"The average starting salary in the nation just barely hit $40,000 this year, according to Fiels. In San Antonio, the entry-level salary is $28,752.
Librarians are being lured to corporate jobs where they can make double their salary, Fiels said.
'It's a tough, competitive market out there,' Fiels said. 'But I think people who come in to librarianship do it because they want to make the world a better place. So money isn't always an issue.'"
Welcome to the ALA rationalization for why people go into librarianship. It's not for money. It's not to have a career. It's not even just to have a job. No, it's because they want to make the world a better place! It's because they want to change the world for the better, one library card at a time!I can't decide if he really believes this stuff, or if he's just trying to excuse the ALA's poor record of doing anything to help raise librarian salaries by saying we're all just doing charity work anyway.
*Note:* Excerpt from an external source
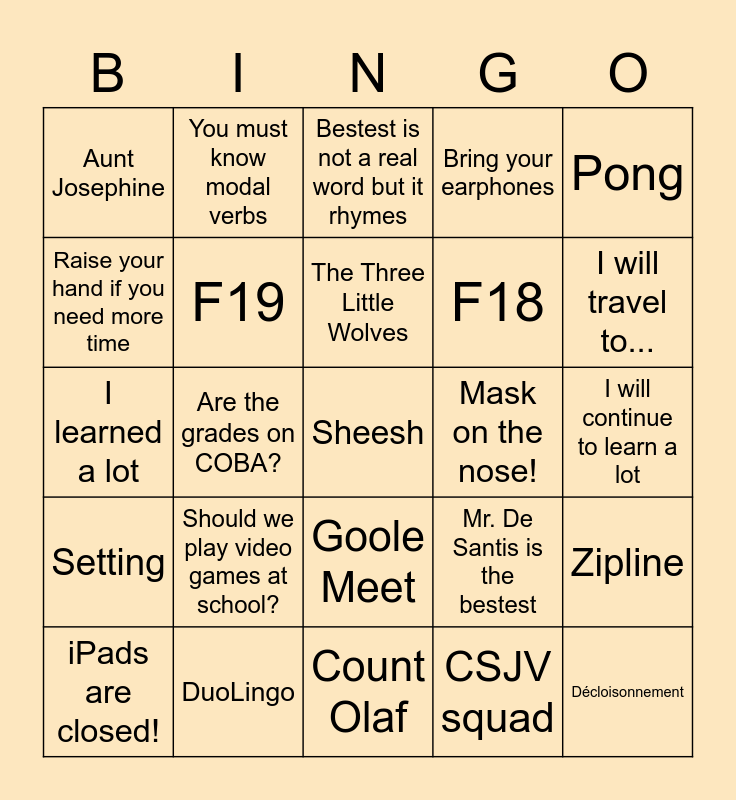 This bingo card has 25 words: Should we play video games at school?, Count Olaf, The Three Little Wolves, iPads are closed!, Pong, Aunt Josephine, Raise your hand if you need more time, You must know modal verbs, Mask on the nose!, Goole Meet, F18, I learned a lot, Mr. De Santis is the bestest, Zipline, F19, Décloisonnement, I will continue to learn a lot, Bestest is not a real word but it rhymes, I will travel to..., Are the grades on COBA?, Sheesh, DuoLingo, Setting, Bring your earphones and CSJV squad.

Low education standards and duplicitous library school recruitment strategies certainly help keep librarian salaries down, and now we find out that we're not really interested in money anyway. Fortunately we're on the side of the angels.
This statement just confirms what I've said before, that the ALA has very little interest in librarians. The primary professional organization of American librarians does almost nothing to help librarians. Sure, if your major concern as a librarian is certain federal legislation, then they're happy to waste your money fighting losing battles. But if you are at all concerned about the pay and status of librarians, then you'll have to look elsewhere, because the ALA doesn't care about you. They only care about your dues. This statement by the ALA executive director acknowledges what a good person you are and says you don't want any money anyway.
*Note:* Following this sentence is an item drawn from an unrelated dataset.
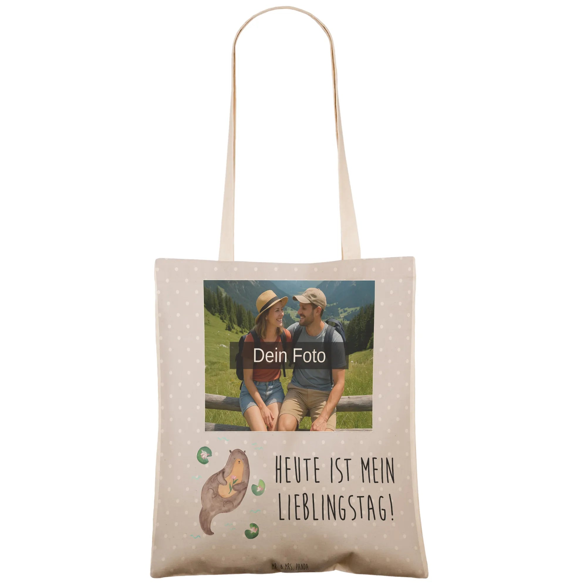 Mach deinen Einkauf zu einem besonderen Erlebnis mit der personalisierten Foto Einkaufstasche von Mr. & Mrs. Panda! Diese stilvolle Tasche misst 420 mm x 400 mm und ist aus langlebiger Kunstfaser gefertigt. Sie bringt süße Motive und Sprüche in dein Leben und bietet die Möglichkeit, dein Lieblingsfoto hochzuladen. So wird dein Einkauf einzigartig! Achte darauf, dass dein Bild in einer hohen Auflösung vorliegt, damit alles klar und deutlich dargestellt wird. Diese Tasche ist nicht nur besonders praktisch, sie ist auch robust, schmutzabweisend und einfach zu reinigen. Wir empfehlen eine sanfte Handwäsche, um die Langlebigkeit der Tasche zu garantieren. Perfekt für deine täglichen Einkäufe oder als Geschenk für deine Liebsten – hol dir deine individuelle Tasche von Mr. & Mrs. Panda!

Fortunately, you became a librarian because you want to change the world, not because you want to pay the rent. I'm surprised that Fiels didn't quote from the Sermon on the Mount.
"Librarians aren't concerned about salaries. Look at the birds in the sky; they do not sow or reap, yet your heavenly Father feeds them!"
Changing the world! We're certainly full of ourselves. Are we changing the world for the better by videogaming? If I want to change the world, I'm certainly not going to do it through my library. Here's my message to all the folks who are attracted to librarianship because they want to change the world and they don't care whether they're paid to do it: Go Away! You're not going to change the world! Don't be so pathetic! And stop lowering the standards for the rest of us!
Librarianship isn't a charitable activity. It's a job, it's a career, it's a service. If you want to be charitable, go volunteer at a soup kitchen. Go feed and clothe the poor. Go teach illiterates to read. But don't think librarianship is some holy, charitable mission, because it's not.